As surgeon in the Anglesey Creed returned to Sydney where he was appointed resident physician at the Sydney Infirmary. In 1867 as medical officer he joined the Northern Territory expedition mounted by the South Australian government under Captain Francis Cadell. By ship they explored the west coast of the Gulf of Carpentaria, visited Port Darwin and Timor and returned to Adelaide. In April 1868 Creed was registered by the New South Wales Medical Board and settled at Scone, where he established a large practice and served as a magistrate. In the Legislative Assembly he represented the Upper Hunter in 1872-74, generally supporting Henry Parkes. With flattering testimonials he left Scone in 1882 and established a practice at Woollahra.

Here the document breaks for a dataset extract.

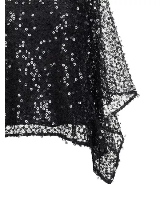 This blouse is crafted from airy mesh that creates the illusion of sequins floating weightlessly against the skin. Midi-length draped sleeves add a sense of fluidity, while the soft shimmer of each sequin catches the light with graceful ease. draped sleeves bateau neckline pullover style cropped silhouette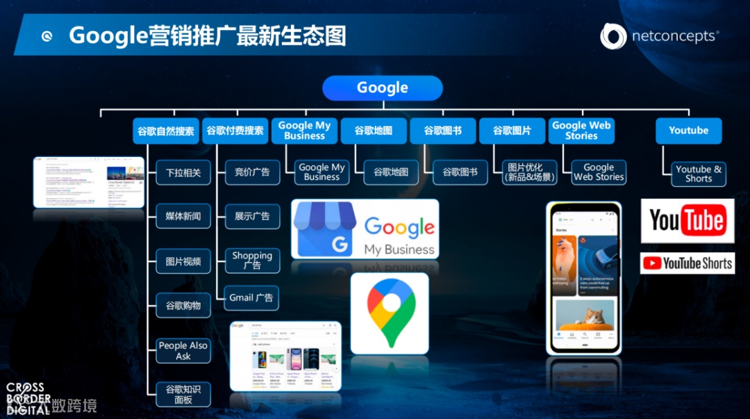 要聊B2B营销要聊搜索营销,不得不提Google的生态。Google的产品生态包括自然搜索(SEO)、付费广告(SEM)、Google My Business、地图、图书、图片、网页故事集和Youtube等。SEM广告是绝大多数企业会优先选择的推广渠道,以电商行业为例,推广费用中30%会花在search(关键词广告)上 ,60%花在PLA-product listing ads (购物广告), 10%花在展示广告(Display)上。

He was also editor of the Australasian Medical Gazette in 1882-93, an honorary surgeon at Sydney Hospital in 1883 and secretary of the New South Wales branch of the British Medical Association in 1883-86, serving as its president in 1887 and 1892.
In August 1885 Creed was nominated to the Legislative Council. He held his seat until 1930, a willing speaker on a wide range of subjects. Apart from such measures as divorce reform and compulsory vaccination in which he supported the efforts of other members, he had a leading part in initiating the passage of such Acts as the licensing of medical practitioners in 1900, protection of children in 1892 and 1900, marriage validation in 1892 and care of inebriates in 1900. Acidly he criticized the Parkes ministries in 1887-89 and 1889-91 for lack of defence preparedness. After the master of the Australian-owned whaler, Costa Rica Packet, was imprisoned in the Moluccas for twelve days in November 1891 and then extradited, Creed was very active in urging the British government to claim compensation from the Netherlands government for the owners and crew; his efforts, backed by many petitions to London, led to redress in 1897.
To achieve social reforms at a time when governments did not take a strong lead in legislation, Creed exploited the select committee as an instrument of propaganda, notably the Legislative Council inquiry of 1887 into the laws relating to medicine and surgery. To the evidence and reports of such committees he added many lengthy letters to Sydney and London newspapers, made direct approaches to Australian and British prime ministers, peers and cabinet ministers and published numerous pamphlets, some of them on cremation. Like (Sir) Henry MacLaurin and Billy Hughes, he opposed Federation for taking insufficient cognizance of the wealth and status of New South Wales. A critic of the White Australia policy, he published papers emphasizing the abilities of the Aboriginals and the Japanese. He was successful in urging the Deakin government in 1903-04 to allow Japanese travellers and traders with passports to visit Australia. To Creed 'the undiscriminating effort of a proportion of the electors of Australia to exclude all coloured races [was] fraught with peril to the well-being of every class'.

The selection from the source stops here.